At the party, the tension between Ray and Shoshanna builds. For whatever reason, this is a couple I take a lot of emotional stock in -- they both have their faults, but they're the only pair in the series that seems to be capable of genuine, semi-selfless companionship. But after Shoshanna's escapades with the doorman last week, it makes sense that a storm is brewing. She spends most of Charlie's party not-so-subtly avoiding Ray and shoving his shortcomings in his face. When they walk into Charlie's office, Shosh fawns over how grown-up it is. Ray, the anti-corporation man, thinks the whole thing is "bougie" and materialistic, and he has a point. But material things are important to Shoshanna, who romances adulthood the same way girls in junior high take "Sex and the City" very much without a grain of salt. She's clearly struggling with the fact that she and Ray have different priorities.

When he finally confronts her about why she's been acting strangely, she doesn't really come clean. "I did something bad," she confesses. "I'm really sorry and it didn't mean anything but I held the doorman's hand."

The lie fools Ray, who finds her confession adorable.
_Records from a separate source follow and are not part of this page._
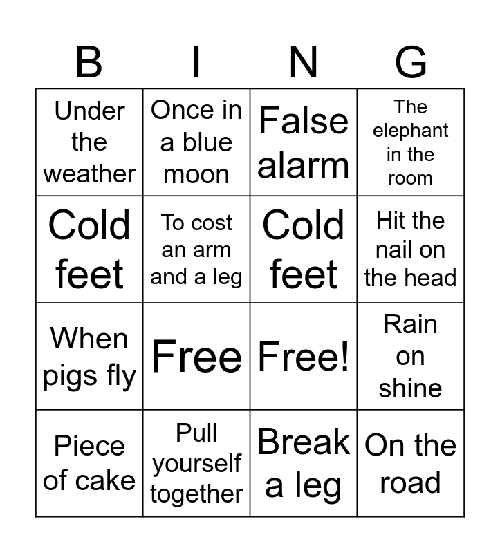 This bingo card has 21 words: Pull yourself together, Break someone´s heart, Once in a blue moon, Piece of cake, Break a leg, Cold feet, Under the weather, False alarm, Free!, Hit the nail on the head, When pigs fly, The elephant in the room, On the road, Know by heart, To cost an arm and a leg, Break the ice, Piece of cake, Free, Cold feet, Rain on shine and When pigs fly.
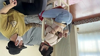 Horny Enema Slave Training with Showerhead Bound nd Kneeling
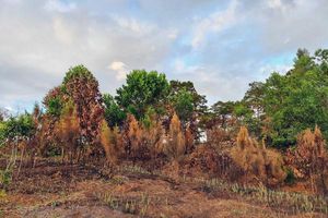 Tại hiện trường, nhiều cây thông non, có chiều cao từ 0,5-3m đã bị cháy rụi, chết đứng. Nhiều cây thông bị lửa đốt thành than và không có dấu hiệu sẽ phục hồi. Đáng chú ý hơn, nhiều khoảnh thông một số vị trí tiếp giáp đường Hồ Chí Minh, hoặc có vị trí "đắc địa’’ bị thiêu rụi.
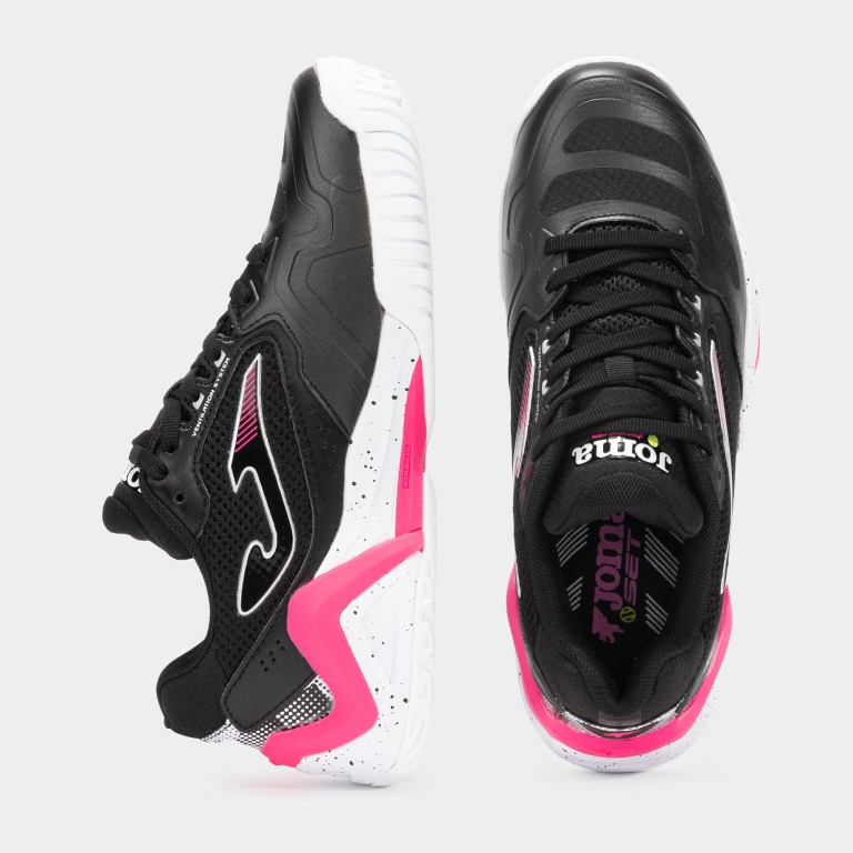 נעלי JOMA SET 2501 פותחו במיוחד עבור שחקניות טניס המעוניינות לשפר את רמת המשחק שלהן. דגם זה משלב עיצוב מודרני בצבע שחור עם טכנולוגיות מתקדמות ליציבות, תמיכה וביצועים אופטימליים- ומתאים במיוחד למשחקים בעוצמה בינונית.
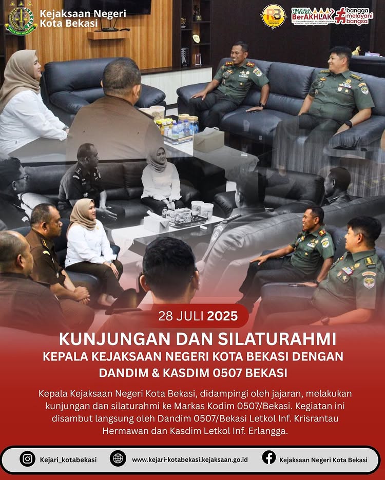 Pertemuan ini merupakan bentuk sinergi dan koordinasi antara Kejaksaan dan TNI dalam menjaga stabilitas, keamanan, serta mendukung penegakan hukum yang berkeadilan di wilayah Kota Bekasi.
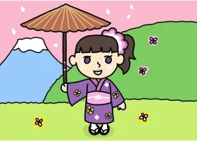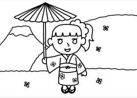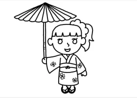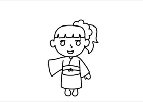 关于人物、小女孩的简笔画,穿和服的小女孩简笔画教程。
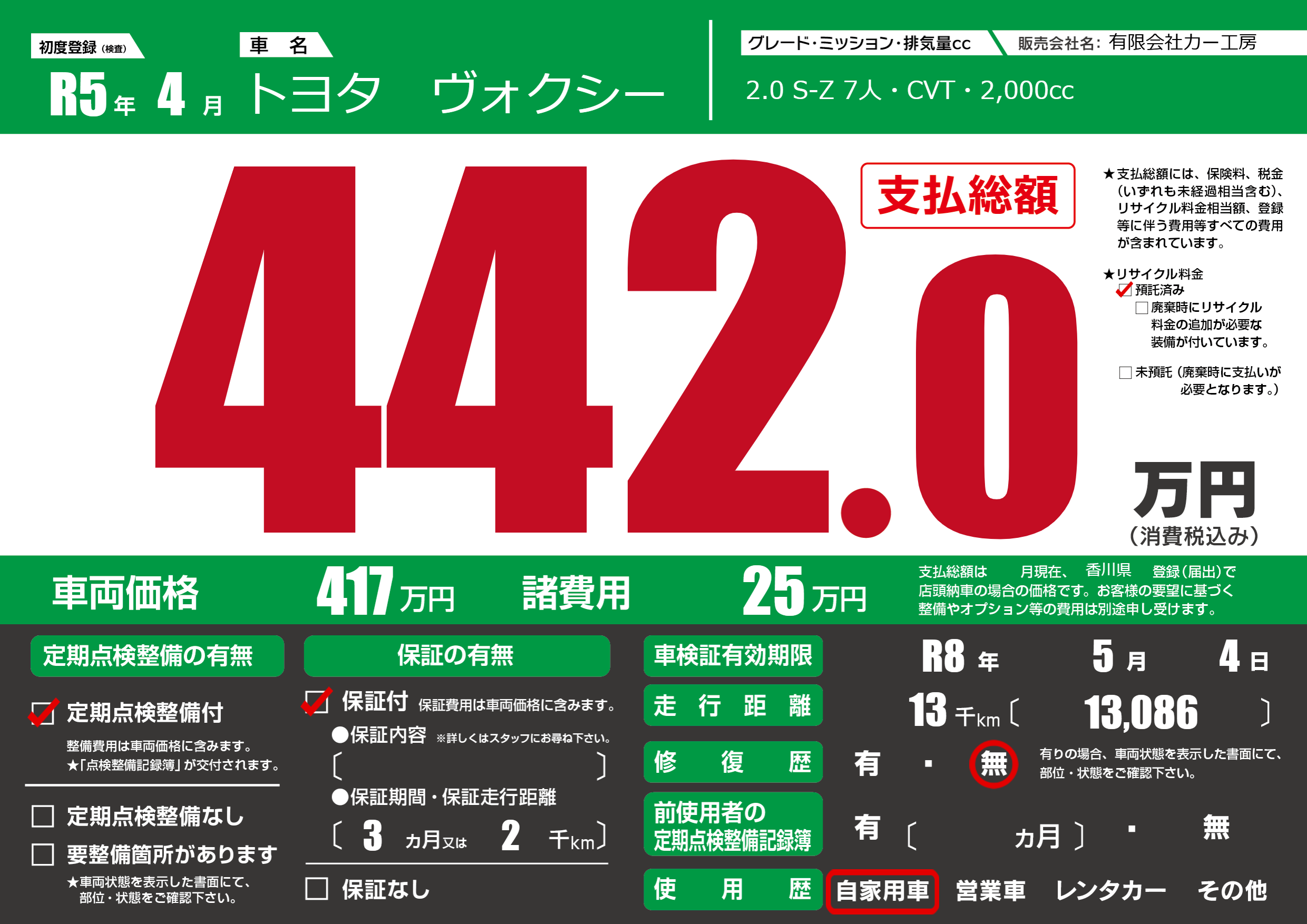 | 走行キロ | 1.3万km | 初年度登録 | R5年4月 |

And while a part of me hopes this blows over, they're probably doomed. After all, Shoshanna is channeling Carrie Bradshaw (another character with some seriously questionable hair moves, come to think of it) and it took Carrie seven seasons to find her way.

Elsewhere in Brooklyn, Hannah has gone off the deep end. She doesn't interact with any of the other characters outside of her accidental run-in with Adam, and her publisher rejected her new essays. In miniature fits of OCD, she spends the episode crawling around on the floor, getting splinters in her ass and shoving Q-tips so far into her ears that she ends up in the emergency room. The episode ends with her perched on the bathtub trying to convince herself to spare the other eardrum. She tosses her head back and forth, eight times on one side, and then eight times on the other before shakily holding the Q-tip up to her head. This moment, while disturbing, is pivotal. It signals Hannah's total loss of control and foray into what we can only assume is an emotional free-fall. But as Adam well knows, free-falls can be positive. They can force you to hit rock bottom and face your problems, and ultimately, return to reality. I have my doubts that there's resolution in Hannah's near future, but I wouldn't mind seeing her and Adam reconnect. It might do her some good (although that's a big might).

How do you predict the season will end? Will Hannah wake up and assume responsibility for herself? Or will Adam send her even further into an emotional pit?